Developed by the AYUSH ministry, the COVID-19 advisory includes treatments such as clarified butter applied inside the nostrils; a hot concoction of pepper, ginger, and other herbs; and a patented formulation called Ayush-64. The latter, a mixture of four herbs, was developed in the 1980s for malaria by the Central Council for Research in Ayurvedic Sciences, now a body under the AYUSH ministry.
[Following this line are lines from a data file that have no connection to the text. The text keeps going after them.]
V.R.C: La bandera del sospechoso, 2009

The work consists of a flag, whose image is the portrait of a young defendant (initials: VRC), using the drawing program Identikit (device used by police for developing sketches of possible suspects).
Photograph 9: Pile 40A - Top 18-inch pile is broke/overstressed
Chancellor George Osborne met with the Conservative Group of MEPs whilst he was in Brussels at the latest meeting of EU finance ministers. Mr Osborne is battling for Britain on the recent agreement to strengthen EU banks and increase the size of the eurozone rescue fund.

While last week’s protocol only recommends the remedies for mild disease, it says moderately and severely ill patients can make an “informed choice” about using Ayurveda as well, and refers readers to another Ayurveda guideline document that prescribes similar herbal interventions for people with severe manifestations of COVID-19 such as respiratory distress and pneumonia.  During a recent press conference, the AYUSH ministry’s secretary, Vaidya Rajesh Kotecha, claimed that the remedies were supported by dozens of in-vitro, animal, and human studies, listed in a report on the ministry’s website.

But almost all the human studies are small and uncontrolled, critics say. “These are con-trials and faked studies,” says Cyriac Abby Phillips, a hepatologist at Kerala’s Ernakulam Medical Centre.
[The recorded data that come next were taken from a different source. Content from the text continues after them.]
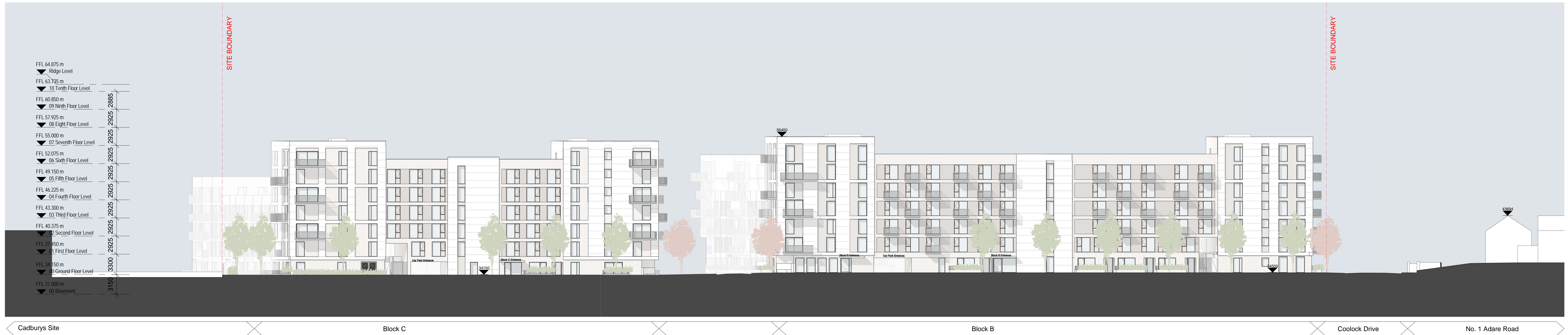
2 Section 2 1 : 250
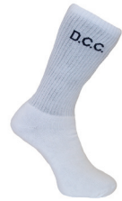
Sports Sock Crew
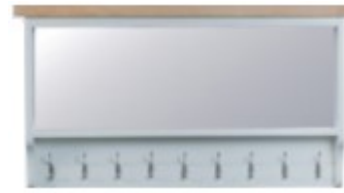
100 x 15 x 50 £165 (LHBT)

For example, in one of the studies the AYUSH ministry cites as support for Ayush-64, published in the Journal of Ayurveda and Integrative Medicine, the investigators gave the drug to 38 patients with flu symptoms.  There was no control arm, and some of the patients on Ayush-64 also received paracetamol and other modern drugs, making it impossible to tease out the effects of each.
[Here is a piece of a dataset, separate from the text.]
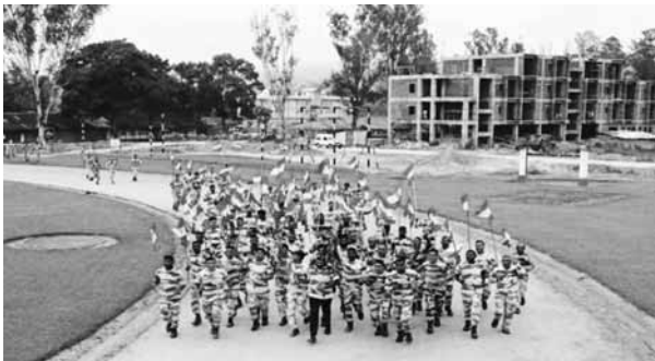
ITBP hoists national flag at high altitude borders as part of 'Har Ghar Tiranga' campaign

In another study, published in 1982, investigators gave 29 malaria patients Ayush-64, while 30 received modern antimalarials, including chloroquine. The investigators noted that while all the patients on modern drugs were cured, only 72% on Ayush-64 responded. Nothing about the study supports Ayush-64’s efficacy in malaria, says Phillips.  

And in any case, clinical studies for malaria and other diseases cannot be extrapolated to COVID-19, says Gagandeep Kang, a microbiologist at Vellore’s Christian Medical College, who helped develop and test India’s first rotavirus vaccine. “All diseases are not the same,” she says.

N Srikanth, an Ayurvedic practitioner and a deputy director general at the Central Council for Research in Ayurvedic Sciences, tells Science that trials of Ayurvedic therapies for COVID-19 are underway.  And on 9 October, an association of government Ayurvedic scientists said IMA’s claim that Ayurvedic drugs were no better than placebos was “rigorously condemnable.” They pointed out that some modern medical practitioners continue to use drugs like hydroxychloroquine for COVID-19 even though there is little evidence for their efficacy. (India’s health ministry recommended hydroxychloroquine both as treatment and prevention for the pandemic virus in March, based on a few small and inconclusive clinical trials, a decision it didn’t roll back after subsequent larger studies failed to bear out their advice.)

Pramesh dismisses that argument as “whataboutery.” Any system of medicine, whether modern or alternative, must back up claims of efficacy with well-conducted trials, he says. “And I have seen very little actual data that shows the medicines being recommended by the AYUSH ministry to be useful.”